(Collected data entries)

+++

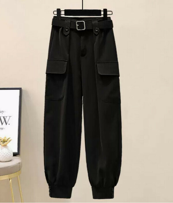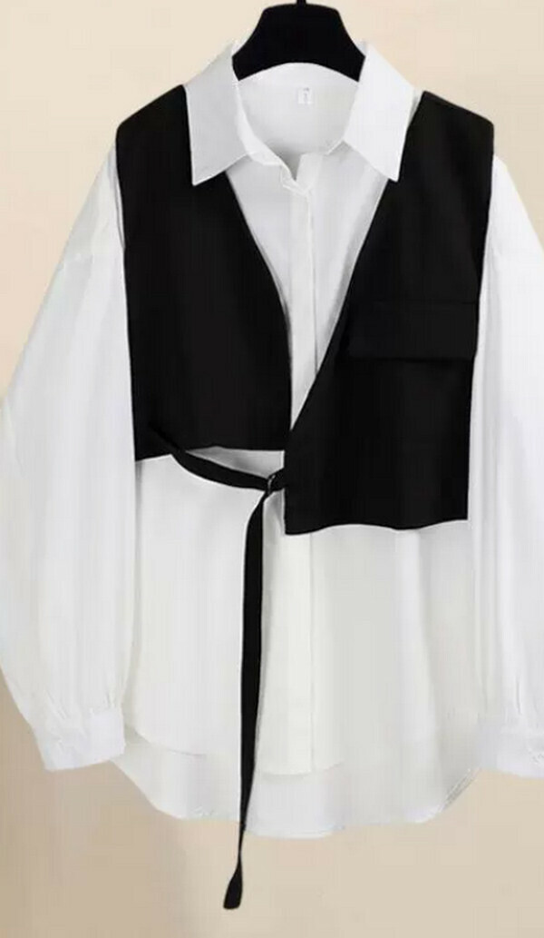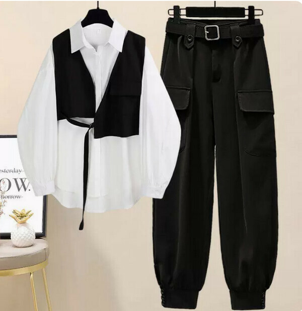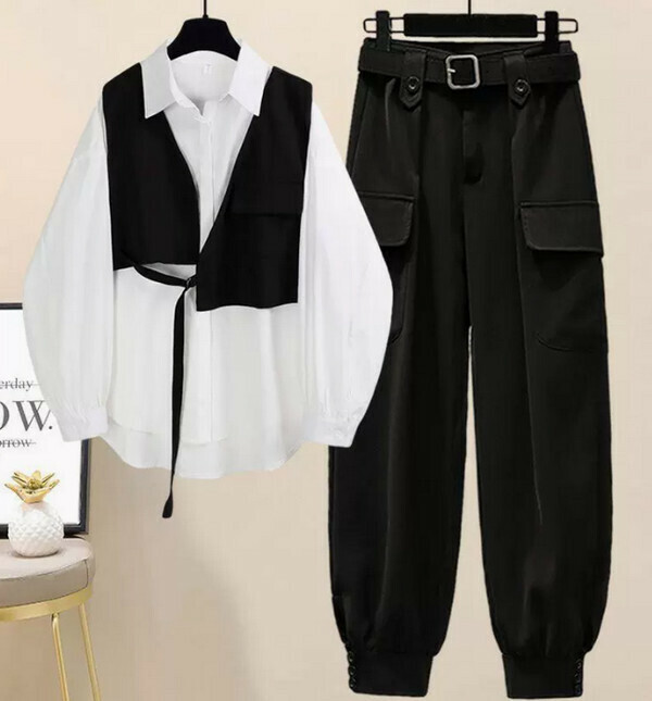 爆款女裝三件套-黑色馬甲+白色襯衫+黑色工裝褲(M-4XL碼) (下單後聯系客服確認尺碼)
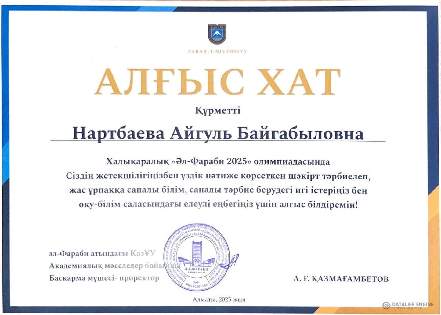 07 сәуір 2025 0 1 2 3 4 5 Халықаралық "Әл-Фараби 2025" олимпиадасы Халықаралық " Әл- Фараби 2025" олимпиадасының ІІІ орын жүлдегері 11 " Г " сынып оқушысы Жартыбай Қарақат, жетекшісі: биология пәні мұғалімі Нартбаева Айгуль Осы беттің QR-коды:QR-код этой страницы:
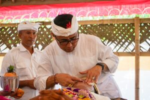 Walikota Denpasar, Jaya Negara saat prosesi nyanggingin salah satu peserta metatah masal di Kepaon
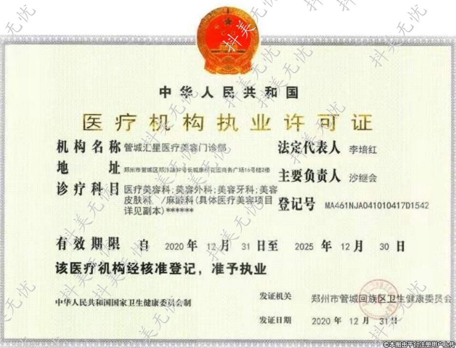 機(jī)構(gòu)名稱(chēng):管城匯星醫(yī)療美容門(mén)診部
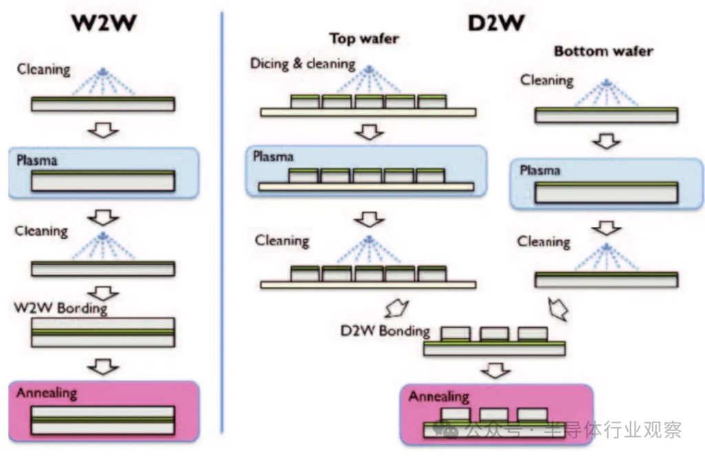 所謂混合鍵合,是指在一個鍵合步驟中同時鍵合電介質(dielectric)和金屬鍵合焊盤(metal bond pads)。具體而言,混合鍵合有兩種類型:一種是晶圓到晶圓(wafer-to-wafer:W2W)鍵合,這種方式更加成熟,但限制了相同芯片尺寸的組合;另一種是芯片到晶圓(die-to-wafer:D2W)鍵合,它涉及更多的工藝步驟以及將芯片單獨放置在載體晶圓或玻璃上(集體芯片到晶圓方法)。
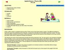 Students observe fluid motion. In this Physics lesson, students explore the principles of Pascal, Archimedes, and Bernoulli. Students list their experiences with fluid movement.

+++

#### Problem requirements:
Go through the data and return every word of it verbatim, leaving out the pictures.

#### Exercise result:
 爆款女裝三件套-黑色馬甲+白色襯衫+黑色工裝褲(M-4XL碼) (下單後聯系客服確認尺碼)
 07 сәуір 2025 0 1 2 3 4 5 Халықаралық "Әл-Фараби 2025" олимпиадасы Халықаралық " Әл- Фараби 2025" олимпиадасының ІІІ орын жүлдегері 11 " Г " сынып оқушысы Жартыбай Қарақат, жетекшісі: биология пәні мұғалімі Нартбаева Айгуль Осы беттің QR-коды:QR-код этой страницы:
 Walikota Denpasar, Jaya Negara saat prosesi nyanggingin salah satu peserta metatah masal di Kepaon
 機(jī)構(gòu)名稱(chēng):管城匯星醫(yī)療美容門(mén)診部
 所謂混合鍵合,是指在一個鍵合步驟中同時鍵合電介質(dielectric)和金屬鍵合焊盤(metal bond pads)。具體而言,混合鍵合有兩種類型:一種是晶圓到晶圓(wafer-to-wafer:W2W)鍵合,這種方式更加成熟,但限制了相同芯片尺寸的組合;另一種是芯片到晶圓(die-to-wafer:D2W)鍵合,它涉及更多的工藝步驟以及將芯片單獨放置在載體晶圓或玻璃上(集體芯片到晶圓方法)。
 Students observe fluid motion. In this Physics lesson, students explore the principles of Pascal, Archimedes, and Bernoulli. Students list their experiences with fluid movement.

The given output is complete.